• _Problem statement_: The pictures do not belong in the copy. Restate all of the records word for word.

• _Extracted information_:
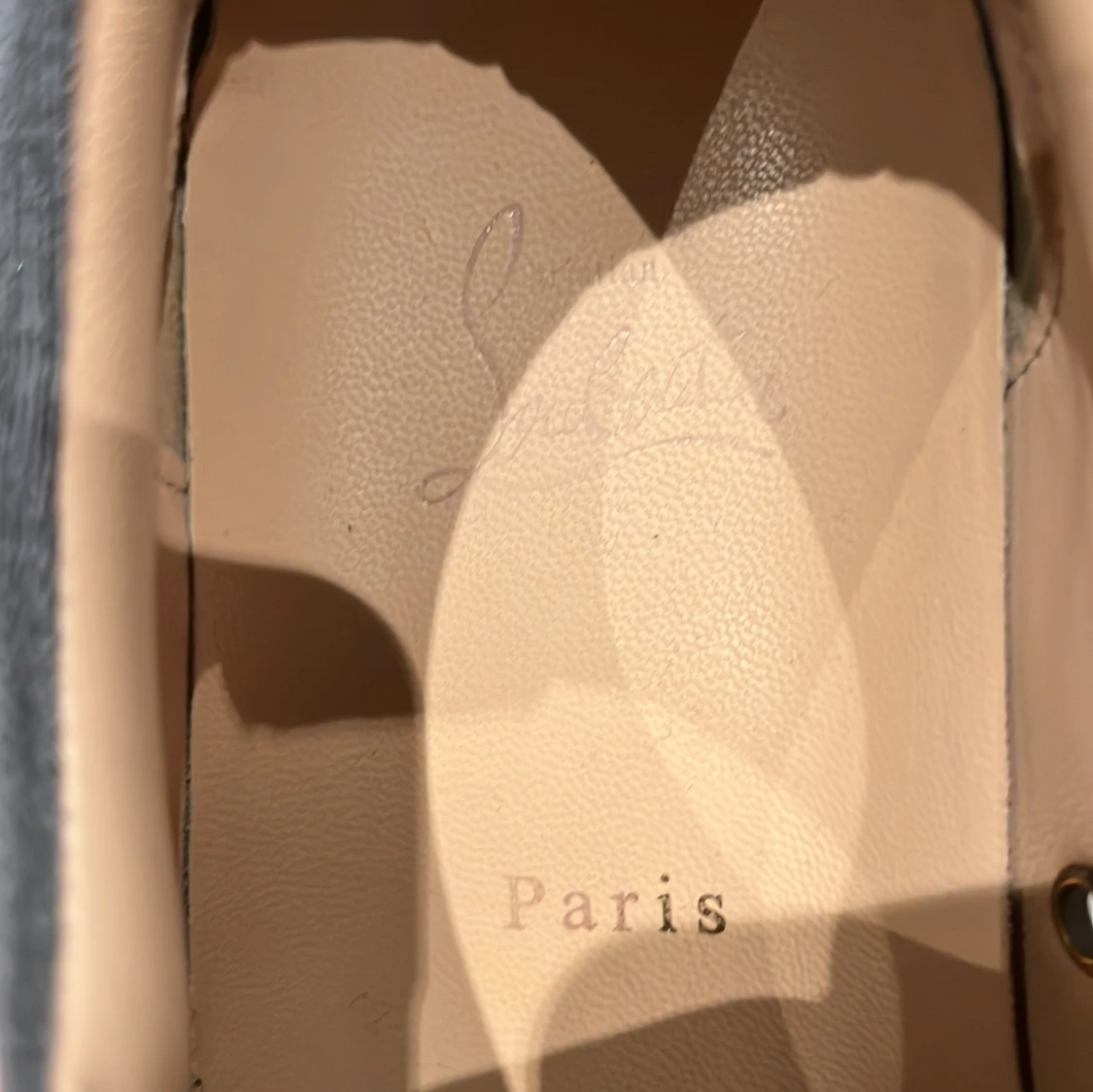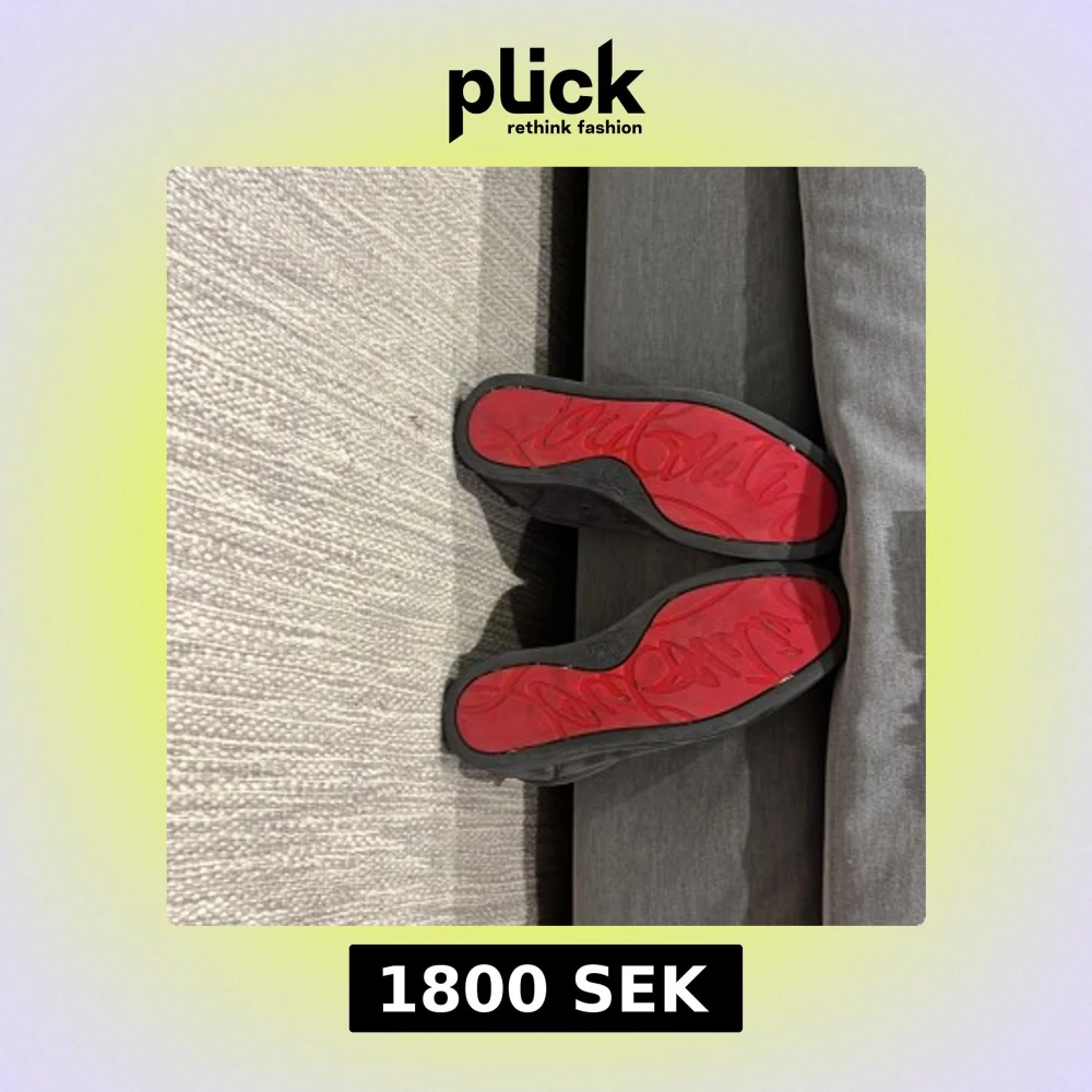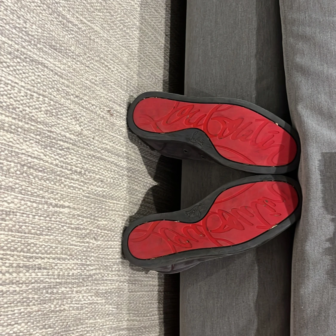 Säljer ett par gråa sneakers från Christian Louboutin med ikoniska röda sulor och svarta nitar på tån. Skorna är i mocka med snörning och har en cool, edgy vibe. Perfekta för dig som vill sticka ut med exklusiva detaljer och lyxig känsla.
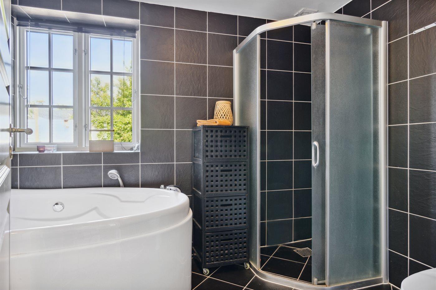 Der er 2 badeværelser med bruseniche og 2 toiletter. Der er gulvvarme på 2 badeværelser.
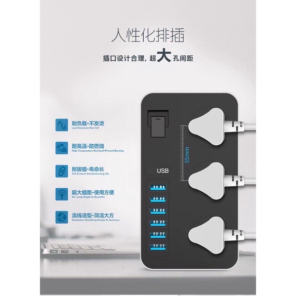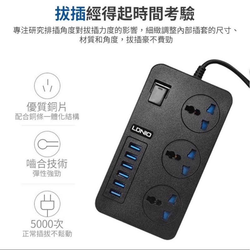 LDNIO/USB 六孔 多功能排插/大功率/插座/智慧充電 3.1A/安全開關/面板多孔
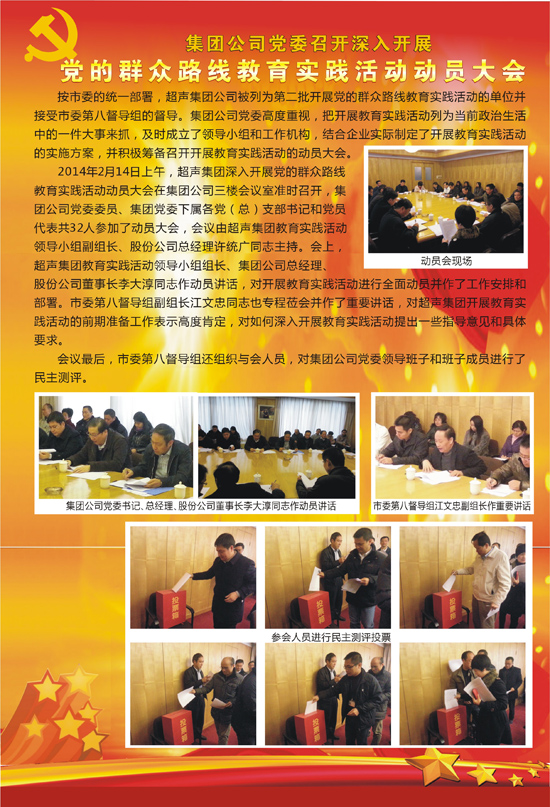 第二批黨的群衆路線教育實踐活動的持續深入開(kāi)展,對(duì)促進(jìn)我司領導班子及成(chéng)員的作風建設十分明顯,在集團公司黨委書記、總經(jīng)理李大淳同志的帶頭示範下,領導班子成(chéng)員紛紛轉換思想和思維、切實改進(jìn)工作作風,努力踐行群衆路線,經(jīng)常深入各聯系點開(kāi)展調研,幫助基層企業解決難點問題,把脈企業發(fā)展,消滅了聯系服務職工群衆“最後(hòu)一公裡(lǐ)”問題。現將(jiāng)階段來部分班子成(chéng)員開(kāi)展調研的情況紀實如下:
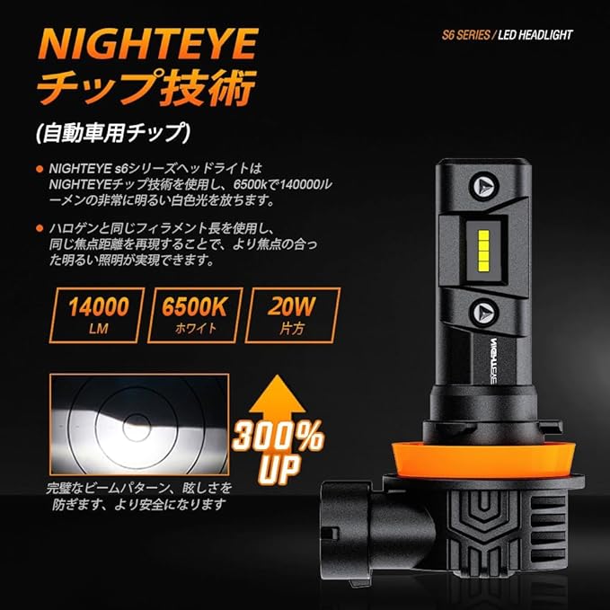 『簡単に取り付け』NIGHTEYE ファンレス H11 led ヘッドライト製品はledサイズ問題は解決し、ソケットから上部分はハロゲンより11.5mm短く、下部はハロゲンより6.5mm短いです。狭いスペースの車でも心配いりません。ハロゲンバルブを使用していた車でも、簡単にh11 ヘッドライト ledを取り付けることができます。ジムニーなどの車種でもポン付けできました。

• _Output_:
 Säljer ett par gråa sneakers från Christian Louboutin med ikoniska röda sulor och svarta nitar på tån. Skorna är i mocka med snörning och har en cool, edgy vibe. Perfekta för dig som vill sticka ut med exklusiva detaljer och lyxig känsla.
 Der er 2 badeværelser med bruseniche og 2 toiletter. Der er gulvvarme på 2 badeværelser.
 LDNIO/USB 六孔 多功能排插/大功率/插座/智慧充電 3.1A/安全開關/面板多孔
 第二批黨的群衆路線教育實踐活動的持續深入開(kāi)展,對(duì)促進(jìn)我司領導班子及成(chéng)員的作風建設十分明顯,在集團公司黨委書記、總經(jīng)理李大淳同志的帶頭示範下,領導班子成(chéng)員紛紛轉換思想和思維、切實改進(jìn)工作作風,努力踐行群衆路線,經(jīng)常深入各聯系點開(kāi)展調研,幫助基層企業解決難點問題,把脈企業發(fā)展,消滅了聯系服務職工群衆“最後(hòu)一公裡(lǐ)”問題。現將(jiāng)階段來部分班子成(chéng)員開(kāi)展調研的情況紀實如下:
 『簡単に取り付け』NIGHTEYE ファンレス H11 led ヘッドライト製品はledサイズ問題は解決し、ソケットから上部分はハロゲンより11.5mm短く、下部はハロゲンより6.5mm短いです。狭いスペースの車でも心配いりません。ハロゲンバルブを使用していた車でも、簡単にh11 ヘッドライト ledを取り付けることができます。ジムニーなどの車種でもポン付けできました。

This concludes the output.